Just a small comment: the implementation is not in #531 but will come in a separate PR. For now it's just in a branch (based on #531): alpmestan/hadrian@bye-ghc-cabal...alpmestan:alp/bindist

commented

Since #558 we have a binary distribution rule.

@alpmestan Yes, I think we should close this issue as soon as we fix Hadrian and test the binary distribution rule on all platforms.

commented

Yes, I didn't mean to comment to say "let's close this", just a status update. I also think it would perhaps make sense to leave it open until the bindist rule and the accompanying Makefile become a little more feature complete (compared to the current bindist rules in the make build system).

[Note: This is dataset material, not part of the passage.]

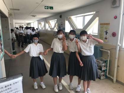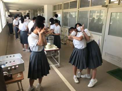 お昼休み、これから給食の時間です。3年生の校舎に来ると、いつも元気のパワーに圧倒されます。

@alpmestan @snowleopard Can we close this issue now? Or is there still some work required?

commented

@chitrak7 Do we want to be a little smarter in the bindist code as well, like we're planning to do in the testsuite? And just need whatever ways and packages and what not are dictated by the --flavour that we pass to hadrian, instead of assuming just vanilla (like we do now, in Rules.BinaryDist.pkgTarget, for libraries) or any other arbitrary choice like that?

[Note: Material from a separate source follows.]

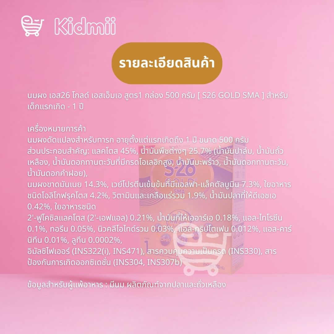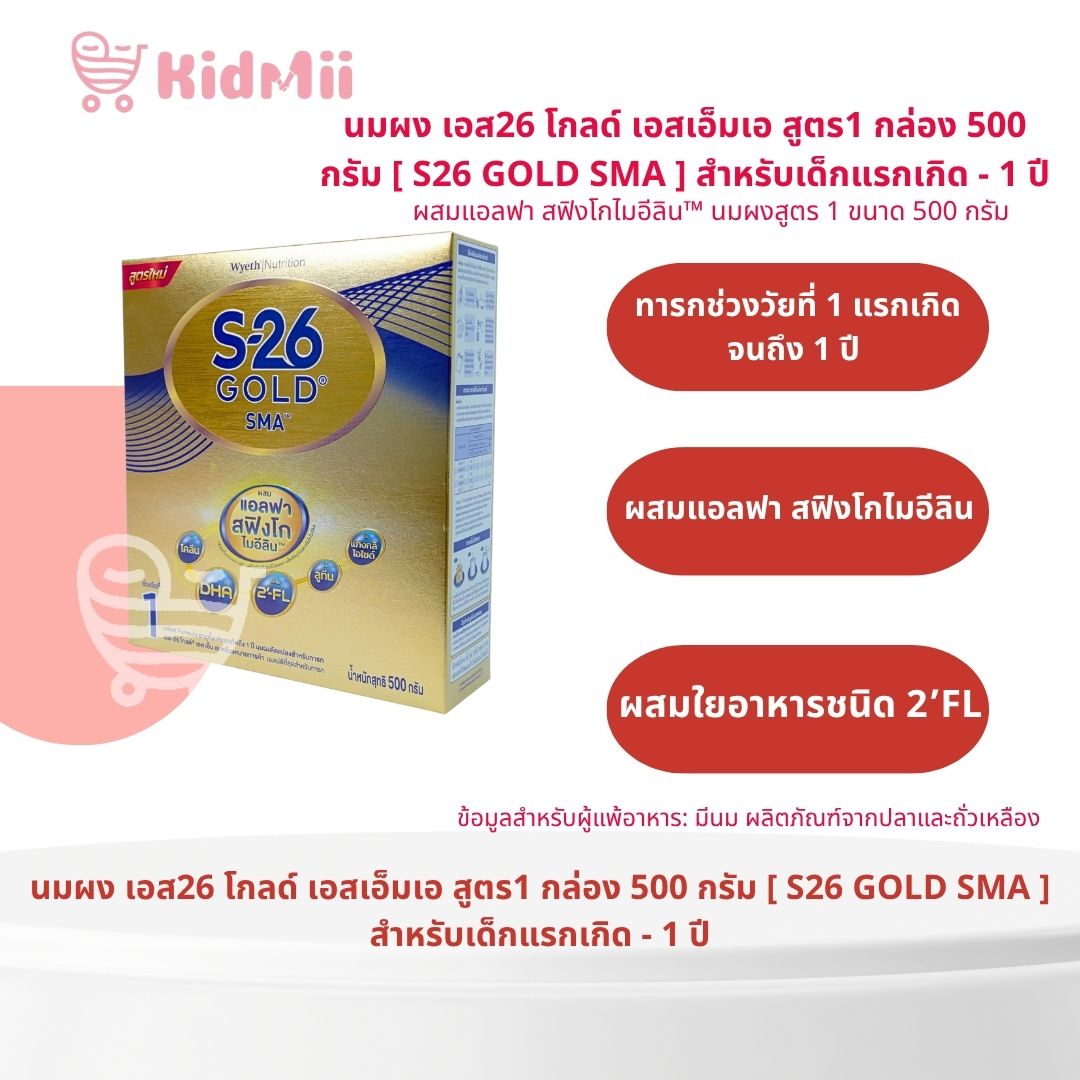 นมผง เอส26 โกลด์ เอสเอ็มเอ สูตร1 กล่อง 550 กรัม [ S26 GOLD SMA ] สำหรับเด็กแรกเกิด - 1 ปี

Maybe @bgamari has an opinion on this, as he's our main user for the bindist rule I think. :-)

@alpmestan I think binary distributions do not allow this level of customization. Having said that, I just checked with ghc-8.4.2 binary and saw that we need dynamic libraries too, as well as more rts ways. So maybe we build the binary distribution adding all these ways. We can make a bindist flavour and build that, but need not provide customization of flags.

commented

Yes we need vanilla, profiling and dynamic at the very least I think.

I think we need to solve #626 before we can address this.

We now have Rules.Bindist, so I think we can close this issue and open more specific ones if needed.